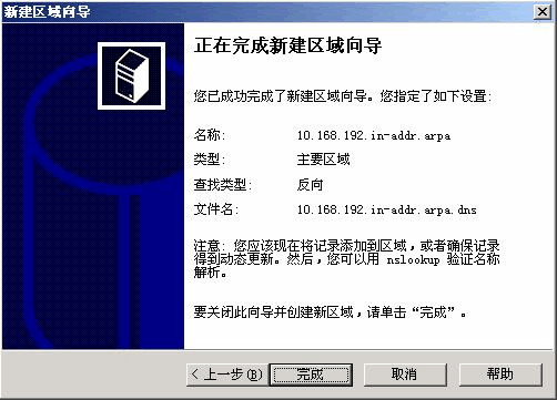 (6)選擇“不允許動態(tài)更新” ,單擊“下一步” ,進入“正在完成新建區(qū)域向?qū)А睂υ?框,如圖 5-10 所示。
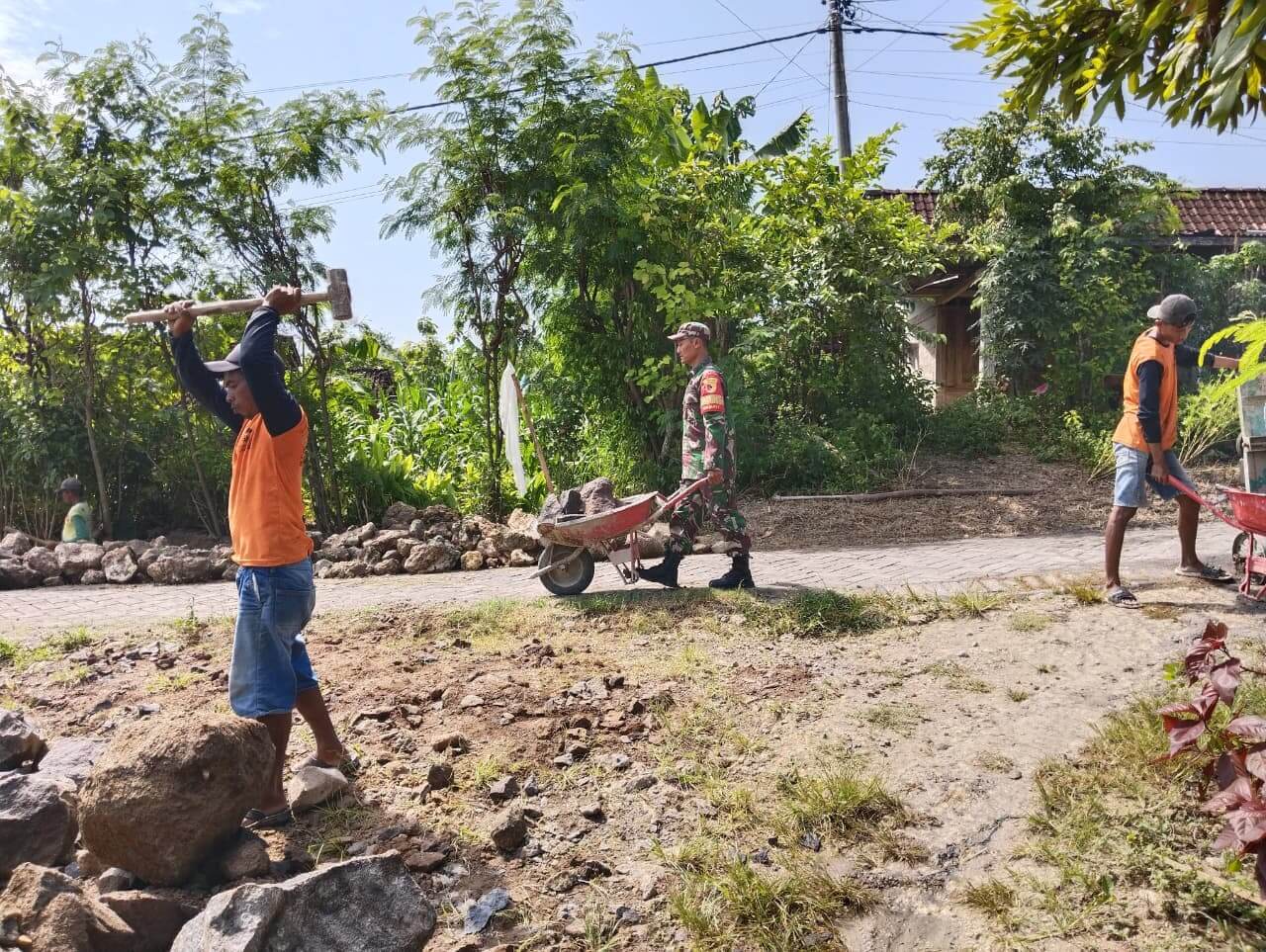 meningkatkan kualitas lingkungan desa, khususnya dalam sistem aliran air agar tidak terjadi genangan saat musim hujan. Di lokasi, tampak Serda Kenedi bahu-membahu bersama warga menggali dan membangun saluran drainase dengan penuh semangat gotong royong.
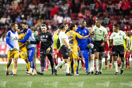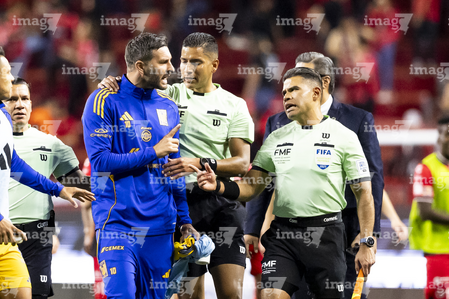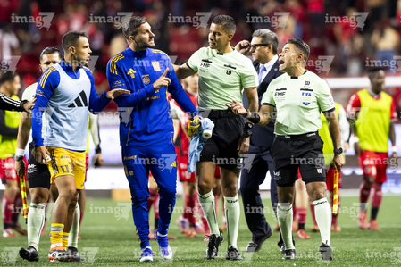 Tijuana, Baja California, 26 de noviembre de 2025. Diego Lainez y André-Pierre Gignac en reclamo a Vicente Jassiel Reynoso, árbitro central, durante el partido correspondiente a la ida de los Cuartos de Final del torneo Apertura 2025 de la Liga BBVA MX, entre los Xolos de Tijuana y los Tigres de la UANL, realizado en el estadio Caliente. Foto: Imago7/
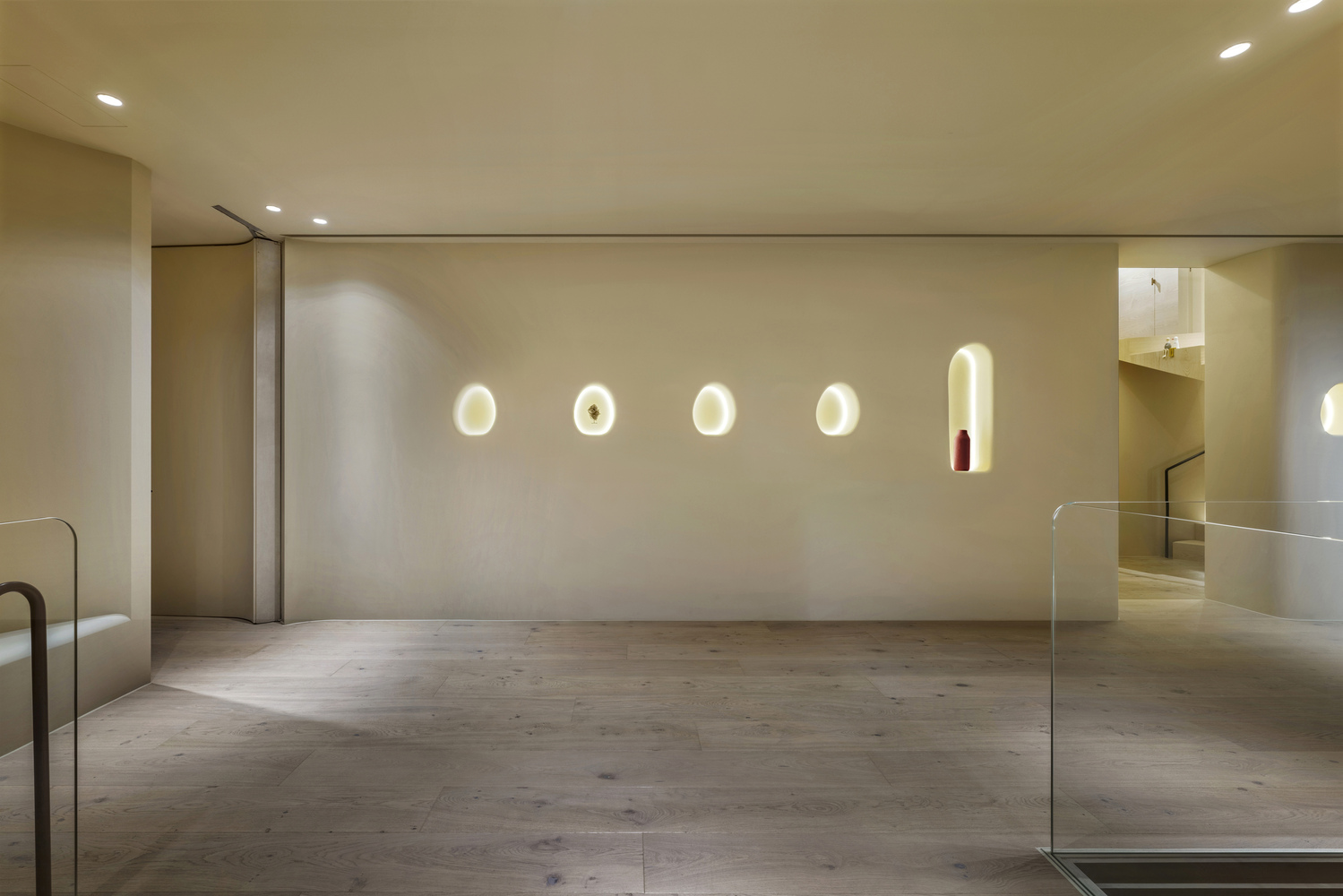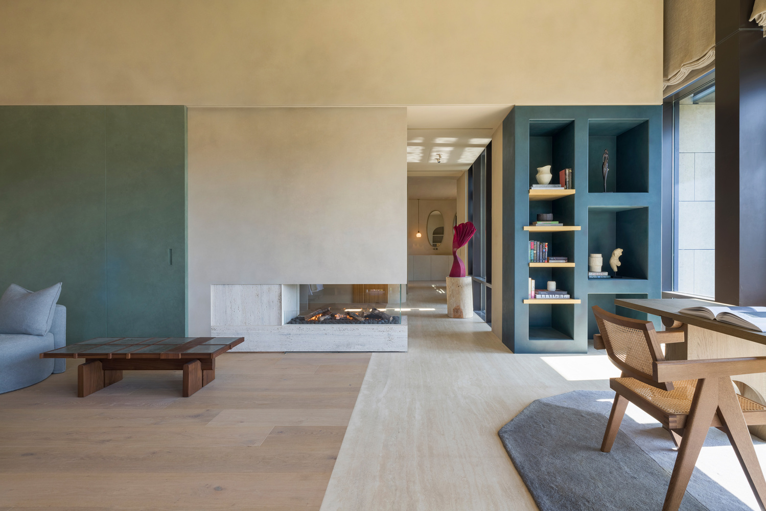 La vivienda se construye como un santuario emocional, con tonos tierra, madera natural y textiles suaves que envuelven los espacios en una atmósfera de calidez silenciosa. El gran vestíbulo de nueve metros y las lámparas de vidrio soplado evocan la niebla que asciende por las montañas, mientras que la planta abierta disuelve límites y jerarquías espaciales, creando un hogar que respira junto a la colina.
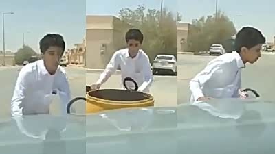 这下可咋办 汽车溜车中东少年无奈救车
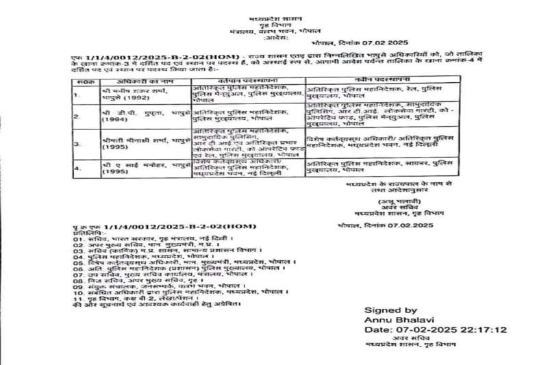 मप्र: सीनियर आईपीएस अफसरों के तबादले, ए.साई मनोहर ADG साइबर सेल नियुक्त
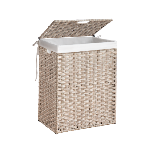 Laundry Hamper With Lid PE Rattan Powder Coating Frame Clothes Hampers with 01 Removable Bags, 100L, Gray Color
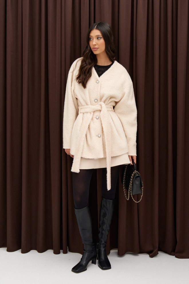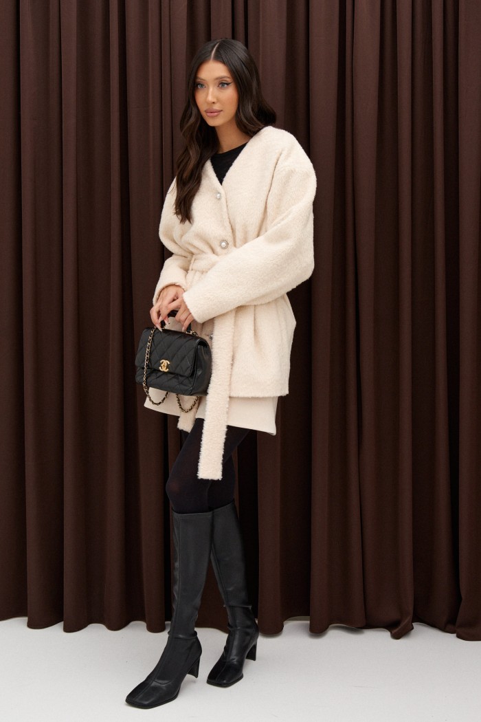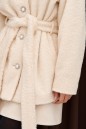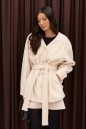 Кардиган прямого кроя выполнен из фактурной ткани молочного цвета. Характеристики: прямой крой, подкладка, V-образный вырез на центральную застежку - петли пуковицы, рукав объемный заужен к низу, по линии талии на боковых швах шлевки, в комплекте пояс из ткани основного изделия, спинка цельнокроеная. Длина изделия 76 см, длина рукава от края горловины 75 см.

________________________________________

## Problem requirements:
In the listing above, find the line containing "Tijuana, Baja California, 26" and the line containing "मप्र: सीनियर आईपीएस", then output those two lines and everything between them exactly as written, without the images.

## Result of the exercise:
 Tijuana, Baja California, 26 de noviembre de 2025. Diego Lainez y André-Pierre Gignac en reclamo a Vicente Jassiel Reynoso, árbitro central, durante el partido correspondiente a la ida de los Cuartos de Final del torneo Apertura 2025 de la Liga BBVA MX, entre los Xolos de Tijuana y los Tigres de la UANL, realizado en el estadio Caliente. Foto: Imago7/
 La vivienda se construye como un santuario emocional, con tonos tierra, madera natural y textiles suaves que envuelven los espacios en una atmósfera de calidez silenciosa. El gran vestíbulo de nueve metros y las lámparas de vidrio soplado evocan la niebla que asciende por las montañas, mientras que la planta abierta disuelve límites y jerarquías espaciales, creando un hogar que respira junto a la colina.
 这下可咋办 汽车溜车中东少年无奈救车
 मप्र: सीनियर आईपीएस अफसरों के तबादले, ए.साई मनोहर ADG साइबर सेल नियुक्त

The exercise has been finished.